*Your instructions*.
Nothing but the lines below from the one that contains "Plakat składa się" through the one that contains "Европа: Таргетинг на" should be retyped, exactly and including both ends. Do not include pictures.

*Data extract*.
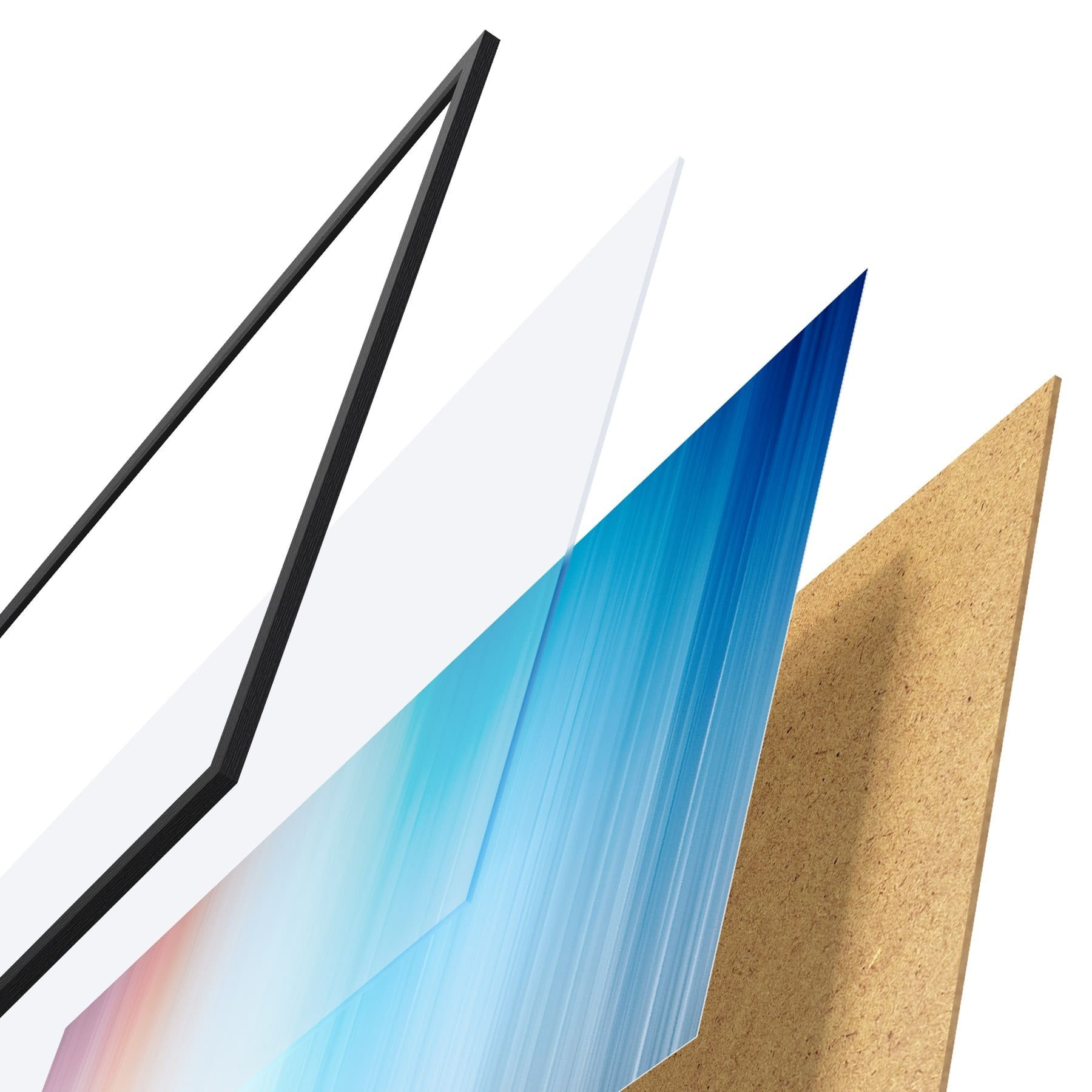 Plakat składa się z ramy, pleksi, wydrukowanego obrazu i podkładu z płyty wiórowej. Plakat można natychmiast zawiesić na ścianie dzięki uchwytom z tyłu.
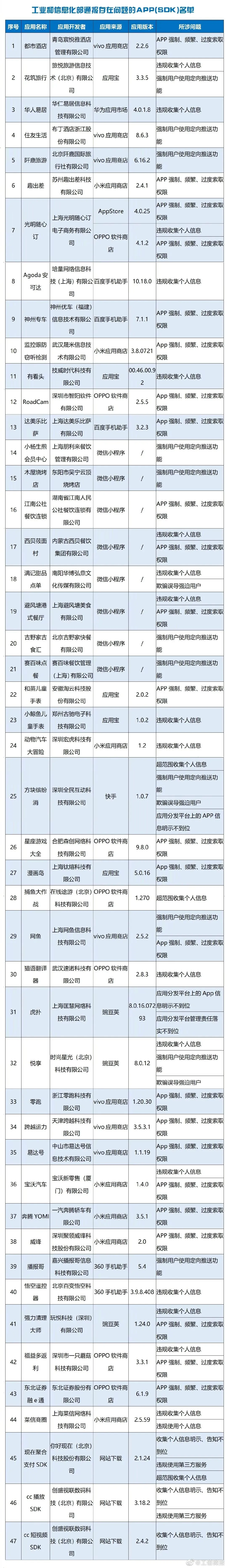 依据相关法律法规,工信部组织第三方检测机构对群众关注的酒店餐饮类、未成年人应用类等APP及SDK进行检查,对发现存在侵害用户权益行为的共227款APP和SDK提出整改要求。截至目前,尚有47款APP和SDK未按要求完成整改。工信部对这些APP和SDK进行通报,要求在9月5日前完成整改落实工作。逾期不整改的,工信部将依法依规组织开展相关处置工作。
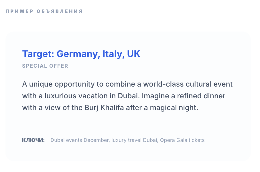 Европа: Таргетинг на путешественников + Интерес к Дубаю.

---

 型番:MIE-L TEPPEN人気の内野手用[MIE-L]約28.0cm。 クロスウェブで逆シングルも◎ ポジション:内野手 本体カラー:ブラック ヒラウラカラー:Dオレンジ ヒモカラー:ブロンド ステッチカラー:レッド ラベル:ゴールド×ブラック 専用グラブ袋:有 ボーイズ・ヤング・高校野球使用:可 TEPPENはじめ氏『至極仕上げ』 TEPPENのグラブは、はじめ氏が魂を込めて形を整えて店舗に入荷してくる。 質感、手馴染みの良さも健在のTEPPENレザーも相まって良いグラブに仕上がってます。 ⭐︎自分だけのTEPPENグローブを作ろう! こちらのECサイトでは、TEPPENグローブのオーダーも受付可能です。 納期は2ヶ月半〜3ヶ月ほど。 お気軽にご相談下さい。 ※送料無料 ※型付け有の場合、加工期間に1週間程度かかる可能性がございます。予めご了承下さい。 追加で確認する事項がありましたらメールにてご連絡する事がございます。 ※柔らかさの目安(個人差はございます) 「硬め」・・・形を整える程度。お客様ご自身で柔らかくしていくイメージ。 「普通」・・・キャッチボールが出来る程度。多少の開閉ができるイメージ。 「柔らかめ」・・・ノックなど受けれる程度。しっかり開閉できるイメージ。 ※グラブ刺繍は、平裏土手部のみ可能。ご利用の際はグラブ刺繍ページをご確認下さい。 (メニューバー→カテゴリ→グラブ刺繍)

*Solution to the problem*.
 Plakat składa się z ramy, pleksi, wydrukowanego obrazu i podkładu z płyty wiórowej. Plakat można natychmiast zawiesić na ścianie dzięki uchwytom z tyłu.
 依据相关法律法规,工信部组织第三方检测机构对群众关注的酒店餐饮类、未成年人应用类等APP及SDK进行检查,对发现存在侵害用户权益行为的共227款APP和SDK提出整改要求。截至目前,尚有47款APP和SDK未按要求完成整改。工信部对这些APP和SDK进行通报,要求在9月5日前完成整改落实工作。逾期不整改的,工信部将依法依规组织开展相关处置工作。
 Европа: Таргетинг на путешественников + Интерес к Дубаю.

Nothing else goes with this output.